LOL my sister and I are very close. I think it was because I did take care of her like I did. I did bikini twist gerber prefolds ( gerber was different then) with PINS. WHO lets their 7 1/2 yr old PIN a diaper on a baby ( my mother







) I still remember her saying... DONT POKE YOUR SISTER. I had her potty trained before 2 btw


----------



## tzs (Aug 4, 2009)

so are your potty training techniques the same as when you were 9? tell us all the secrets!


----------



## Hey Mama! (Dec 27, 2003)

Oh man I cloth diapered my youngest brother with pins too. I'm 8 years older than him and I remember getting taught how to fold the diaper so the bulk would be in the front. I don't remember potty training him though, but we did have a potty with the tray on it.

Quote:


> Originally Posted by *JBaxter*
> 
> LOL my sister and I are very close. I think it was because I did take care of her like I did. I did bikini twist gerber prefolds ( gerber was different then) with PINS. WHO lets their 7 1/2 yr old PIN a diaper on a baby ( my mother
> 
> ...


----------



## blizzard_babe (Feb 14, 2007)

I helped diaper and potty train my youngest sister (I was 8 when she was born), but my parents used disposables with her, and it wasn't my JOB, per se, just something I was asked to help with on occasion. I did let her roll off the bathroom counter (our changing location) one time... though in my defense, it was the first time she ever rolled over, and she rolled over at a very young age. No one had even warned me that there was the POTENTIAL for baby to roll over.

I cried about 20 times longer than she did... bawling and thrashing on my bed in a self-imposed time-out because I felt so bad. My mom said she felt worse for me than she did for my little sister.


----------



## Jahleelmom (Apr 27, 2012)

Potty seat with the tray attached does exist and they are great, I have a 14 year old who was very enerygetic/hyper as heck, and I got him a potty seat without the tray he use to jump around and flip it over because he wanted to play, but when my grandmother found the potty seat with the tray attached that was the best thing ever, he sat there because I use to put snacks on the tray and I let him watch either one of his favorite shows or the Barney potty training video and he actually sat still for a while , now u have to let them get up every few minutes so that they will know that they are not confined to that chair and its not forced but make it fun and simple so they will be comfortable using it.....If you figure out where to buy one please let me know because I now have a 9 month old and have been searching for weeks....


----------



## anjsmama (Apr 6, 2011)

My 15 month old has done a whole lot better since we ditched the little potty all together. She now uses the potty seat that sits on top of the actual toilet to make it smaller/right size for her legs to sit like adults do. We use EC with her, and months 10-14 in particular were very interesting with wanting to run and bounce and jump etc etc, we ended up with a lot of pee on the (bathroom) floor! But things have improved significantly since getting rid of the little potty (we had both the Bjorn and then the safety 1st all-in-one thing). She is much, much more willing to hang out for the minute or two it takes to actually go when she's up on the real potty.

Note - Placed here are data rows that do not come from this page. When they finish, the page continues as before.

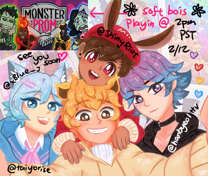 soft bois monster prom collab!! in 2 hours!! 💙💖💛💜 @xBlue_J @ShinyRiot @hanbyeolttv @taiyorise
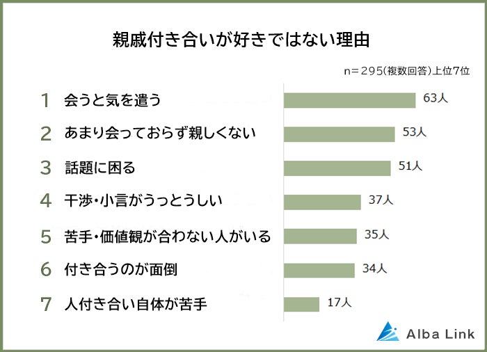 株式会社AlbaLink(本社:東京都江東区、代表取締役:河田 憲二)は、全国の男女500人を対象に「親戚付き合いに関する意識調査」を実施し、そのデータをランキングにしました。
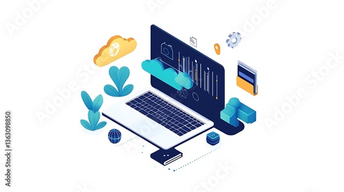 Isometric Illustration: Secure Cloud Data Management on Laptop AI Generated
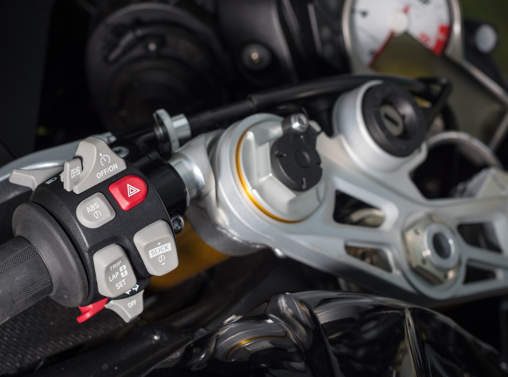 Those insanity-limiting riding aids include ABS, turned off with the push of a button, as well as traction control.
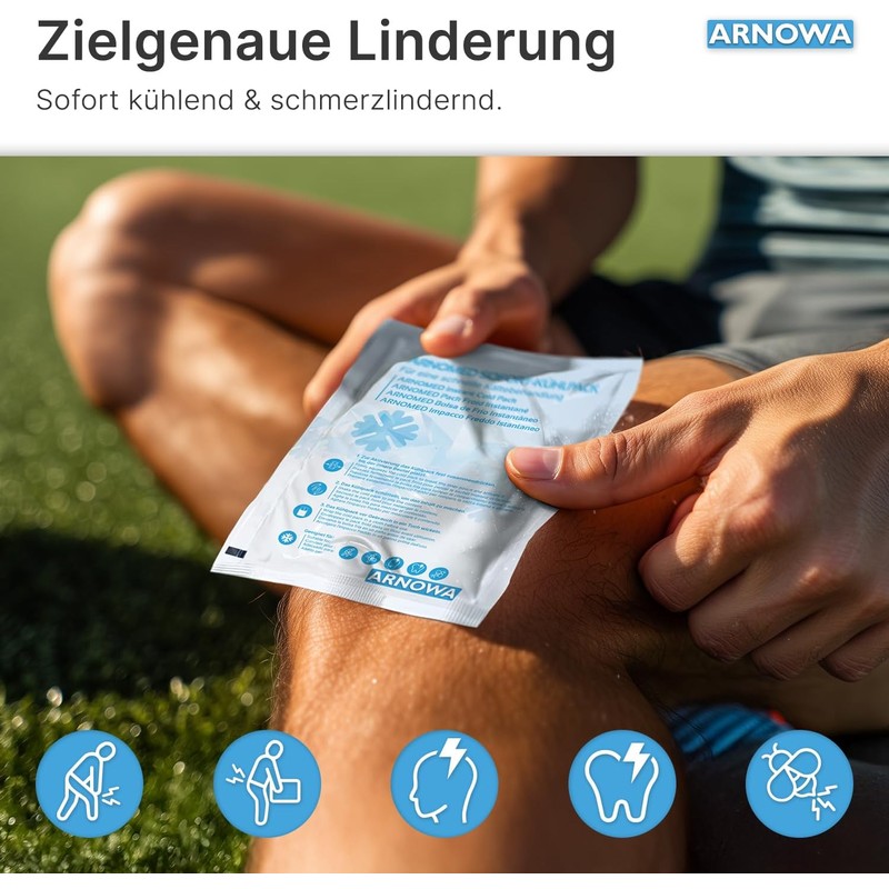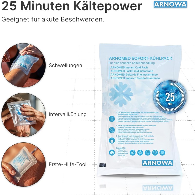 Versatile – whether as an instant cold pack in sports, as cooling pads for kinking injuries or for refreshing in summer: the ARNOMED cooling compresses are your mobile to go cold aid.
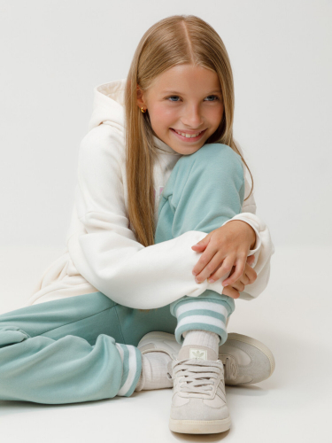 Бомбер для девочки с контрастными рукавами из мягкого трикотажа. Воротник, манжеты и пояс - вязаные. Спереди карманы с листочкой.
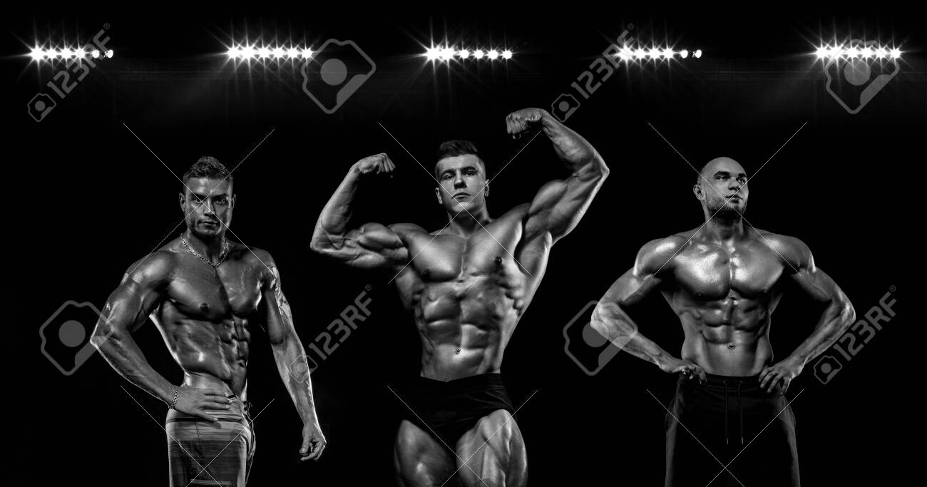 スポーツの壁紙とモチベーションの概念。黒の背景にジムで強力な運動ボディービルダー.フィットネスとボディービルの栄養広告ポスター。の写真素材・画像素材Image 124438826。
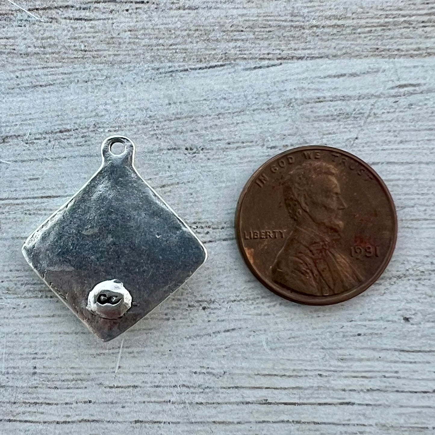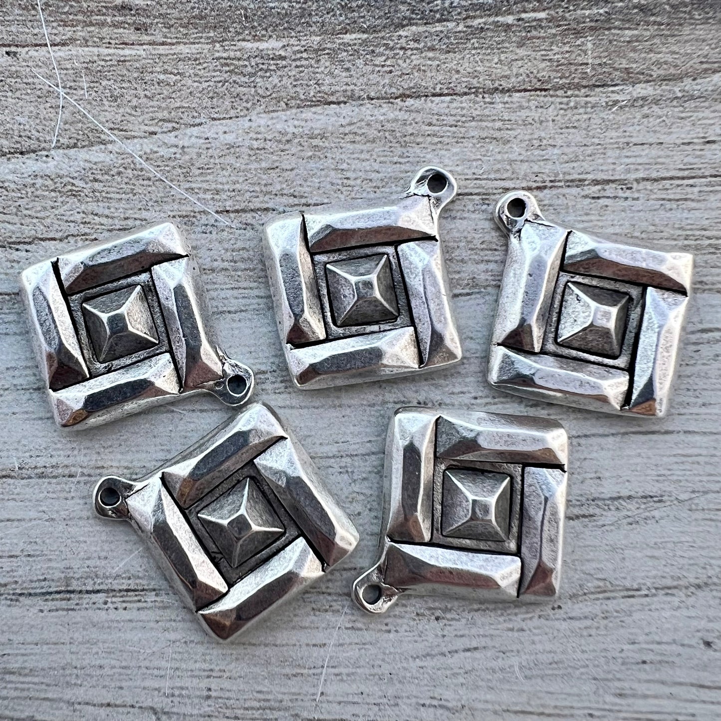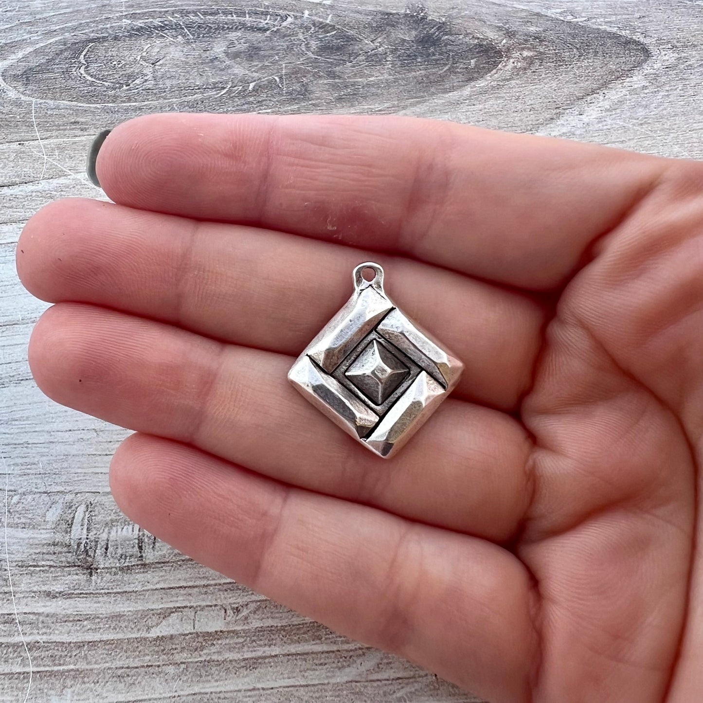 This abstract, diamond-shaped pendant boasts a sleek design that is ideal for earrings, bracelets, or necklaces.
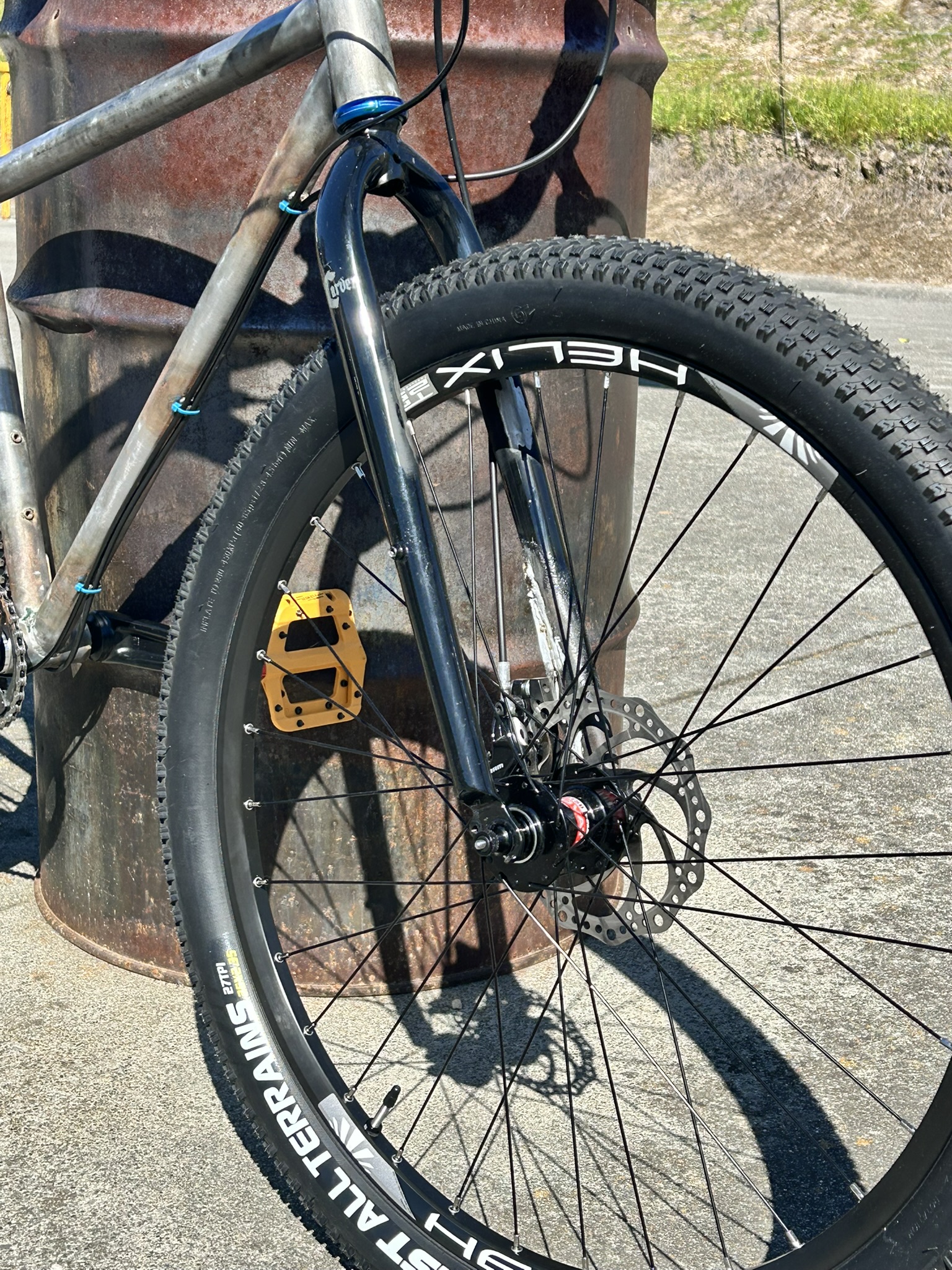 In hindsight I would have tried to fit 650b wheels as it’s easier to find good rubber for them

FWIW, it may be a better plan to try to catch her when you know she's going to have to pee, and put her up there, rather than trying to find a way to successfully keep her there for any stretch of time. Stick her up there before bath, or after, or right after a nap, or after she finishes drinking. If she has to pee, it's likely to come very quickly. Also, my 15 month old isn't willing to sit there for long, but she sometimes will get down... and be willing to get back up a minute later. You may have more success with shorter tries every few minutes than trying to extend her time sitting there.


----------



## JudiAU (Jun 29, 2008)

I am pretty sure they don't make that type of potty anymore and that whomever suggested it was O...L...D. Although in laughing defense of such an idea, my first kid would have loved it. He loved to hang out on the potty in our living room forever.

I'd buy a better design Bjorn. More comfortable.


----------



## cloudbutterfly (Oct 22, 2008)

We have a "table" (really a stool that was too tall for him to sit on until recently) that we put in front of his potty. We've done everything from putting wooden train tracks to sticker books to markers and paper on it, and also resting all of the books, books, books that I've entertained him with. I agree with the other that a restraining tray wouldn't be a great idea, but it's been essential having the table to provide the incentive to sit down when he's feeling contrary.


----------